## ACTIVITY
Drop all images. Then write out each line below exactly as given.

## RECORDED INFORMATION
================
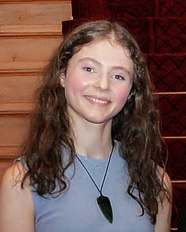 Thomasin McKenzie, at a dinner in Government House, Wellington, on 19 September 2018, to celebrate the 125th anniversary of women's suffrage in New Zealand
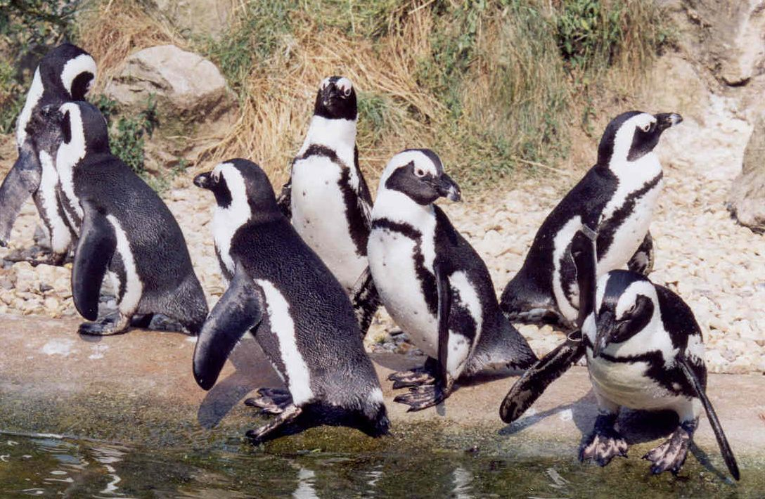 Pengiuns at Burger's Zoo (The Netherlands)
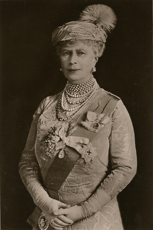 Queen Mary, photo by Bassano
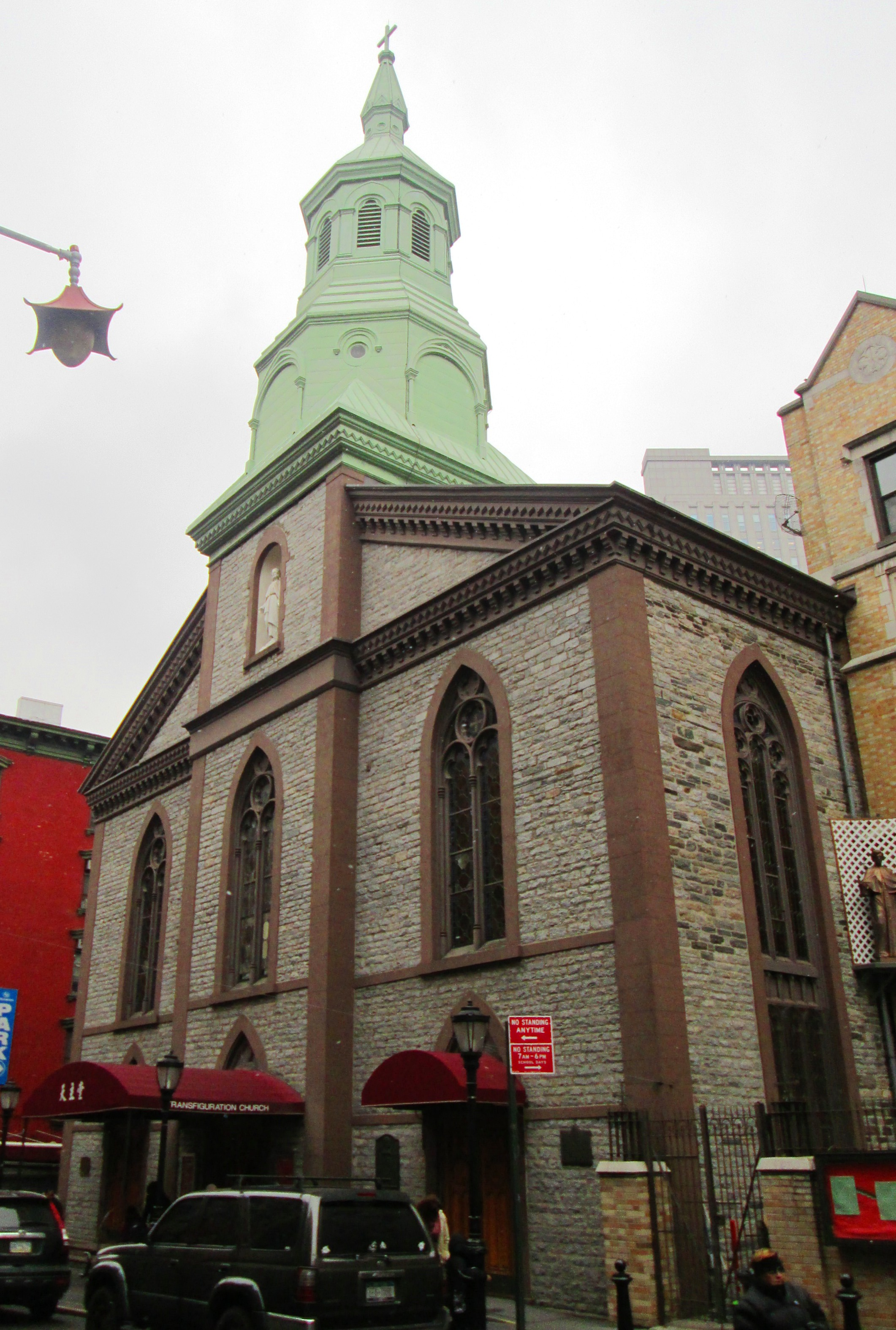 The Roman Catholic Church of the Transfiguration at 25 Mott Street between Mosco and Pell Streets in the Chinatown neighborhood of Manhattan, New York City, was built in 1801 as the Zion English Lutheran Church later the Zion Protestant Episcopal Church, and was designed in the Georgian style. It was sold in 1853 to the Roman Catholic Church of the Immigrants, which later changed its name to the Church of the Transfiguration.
================
## EXERCISE ANSWER
 Thomasin McKenzie, at a dinner in Government House, Wellington, on 19 September 2018, to celebrate the 125th anniversary of women's suffrage in New Zealand
 Pengiuns at Burger's Zoo (The Netherlands)
 Queen Mary, photo by Bassano
 The Roman Catholic Church of the Transfiguration at 25 Mott Street between Mosco and Pell Streets in the Chinatown neighborhood of Manhattan, New York City, was built in 1801 as the Zion English Lutheran Church later the Zion Protestant Episcopal Church, and was designed in the Georgian style. It was sold in 1853 to the Roman Catholic Church of the Immigrants, which later changed its name to the Church of the Transfiguration.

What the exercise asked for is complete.